The first time I heard that canard was from my father. He was disgusted with the behavior of his fellow Air Corp officers in World War II. Married men openly dated local girls stationed in Hawaii before and after the bombing of Pearl Harbor on December 7, 1941. By dating, we are talking more than moonlight strolls on the beach! Dad often told his sons that the rationalizations were legion, with the most common one being, “boys will be boys.” He didn’t buy it for a minute.

Up until the #MeToo movement got started, far too many people – men and women – bought that nonsense. Some folks misquote scriptures and say, “you shouldn’t judge.” That out-of-context canard is a discussion for another time, but my father had no trouble looking his sons in the eyes and stating clearly, “that is terrible behavior. Your morals matter. No excuses.”

After hundreds of years of men behaving badly, and way too many women willing to participate in the cover ups, the victims of male predatory and promiscuous sexual practices have courageously stood up, one by one, and said, “I didn’t ask for the lecherous behavior, didn’t want it and demand it stop.”

How women behaved in all of this, and whatever they’ve contributed to this debauchery, doesn’t excuse anyone. Bad behavior is bad behavior. Men or women. It’s almost impossible to say this truth without people coming unglued, and for good reason. Improper legal practices in the past have excused rape because of a woman’s provocative dress or actions. No excuse is acceptable.

The answer to all of this is simple, but far more than a hashtag campaign. Live the Gospel of Christ. Chastity, modesty, and fidelity are not outside the ability of anyone to live. Temperance in alcohol would eliminate a huge amount of the grief as it relates to this topic. Parents should actively and purposefully teach their sons AND daughters to avoid dangerous situation, and provocative fashions, talk and actions.
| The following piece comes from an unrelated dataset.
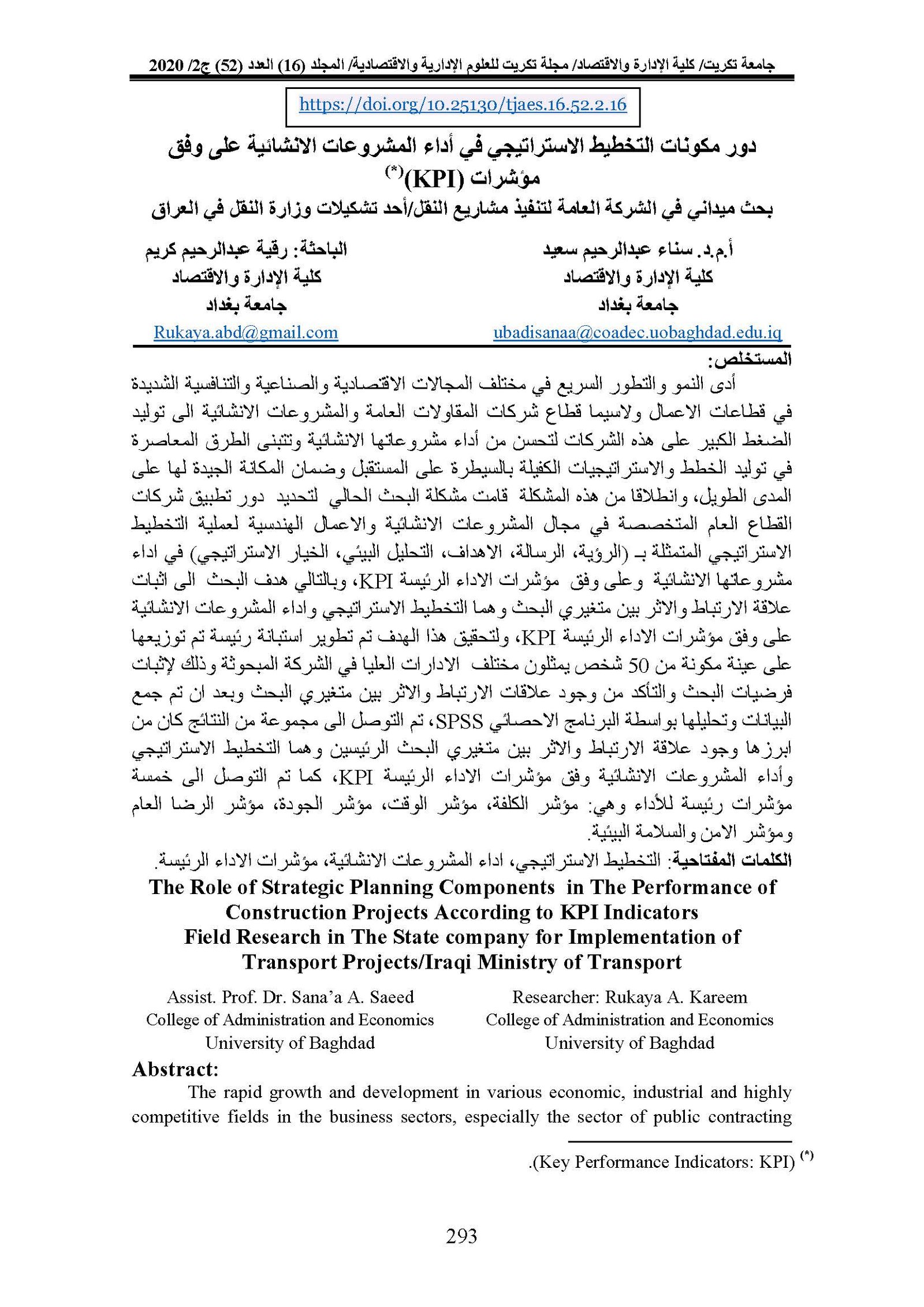 The Role of Strategic Planning Components in The Performance of Construction Projects According to KPI Indicators Field Research in The State company for Implementation of Transport Projects/Iraqi Ministry of TransportAbstract views : 0 | PDF downloads : 0Page No.: 293-311 |

In 1983, I attended a dinner for the Reverend Jerry Falwell who started The Moral Majority, not as a vaunt but a goal, and later Liberty University. A reporter asked Rev. Falwell, “If you were driving down a country road at dusk and saw a lady off to the side of the road with car trouble, would you give her a lift into town?” Some in our party were surprised by his answer.

 “No.”

“Why not?”

“We both have too much at risk.” He went on to explain that he would stop, try to fix the problem and stay with her until he could flag someone down. He would miss whatever meeting he had to drive with her to town to get a tow truck or help her out in any other way. He clearly stated he would NEVER be alone with a woman who was not part of his family. Critics thought him a prude.
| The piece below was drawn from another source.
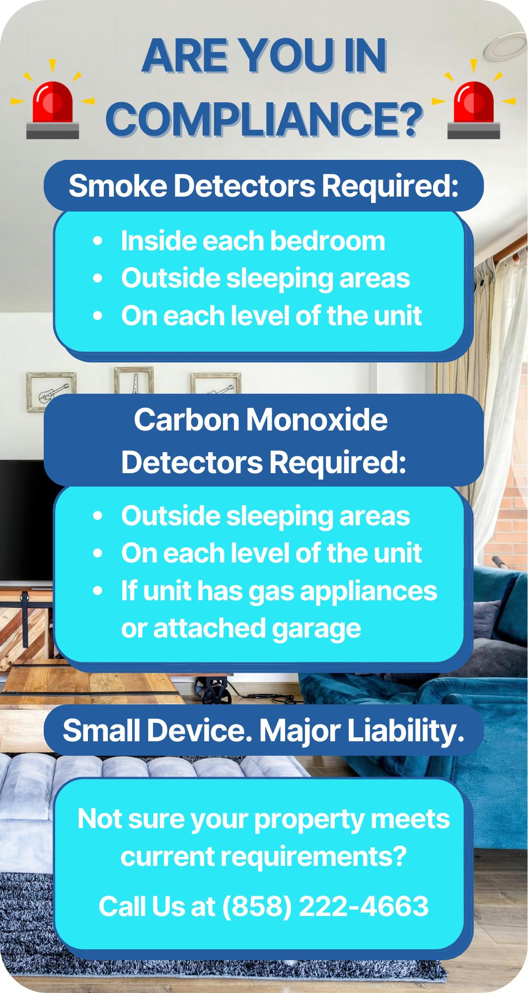 Under California law, how many smoke detectors and carbon monoxide detectors are required in a one-story, three-bedroom apartment?

The same people who are aghast at the randy, stud-ram ethics of Weinstein, et.al., constantly ridicule Vice President Mike Pence for his prudence. They sneer when he politely states categorically that he will never have dinner with just a single lady. His moral line in the sand is drawn and he won’t cross it. Considering his detractor’s inability to understand the consequences of moral actions, he’s doing something very right. VP Pence has stated he would never invite a woman to his hotel room “just for business.”

A word of advice for leaders in business, church, politics, etc. Here’s a thought: Eliminate closed, opaque, locked doors. Eliminate blinds. Create a physically transparent work place. Matt Lauer would not have done what he did to women in his office if the complicit bosses at NBC had officially declared “no locked or opaque doors.”

Many women have set an example by drawing absolute moral lines in the sand. Sometimes it has cost them their jobs. That is the price of courage rather than unintentionally becoming an enabler or complicit in rotten behavior.

Laws, lawsuits, firings and such will not end this spate of bad behavior. Yes, we’ll fire people and demand others resign, but that’s just an ineffective attempt to cure societal woes. The cure begins in gospel principles.

As the Book of Mormon clearly demonstrates, when surface behavior changes without soulful repentance, the disease will return with a vengeance. We reap what we sow.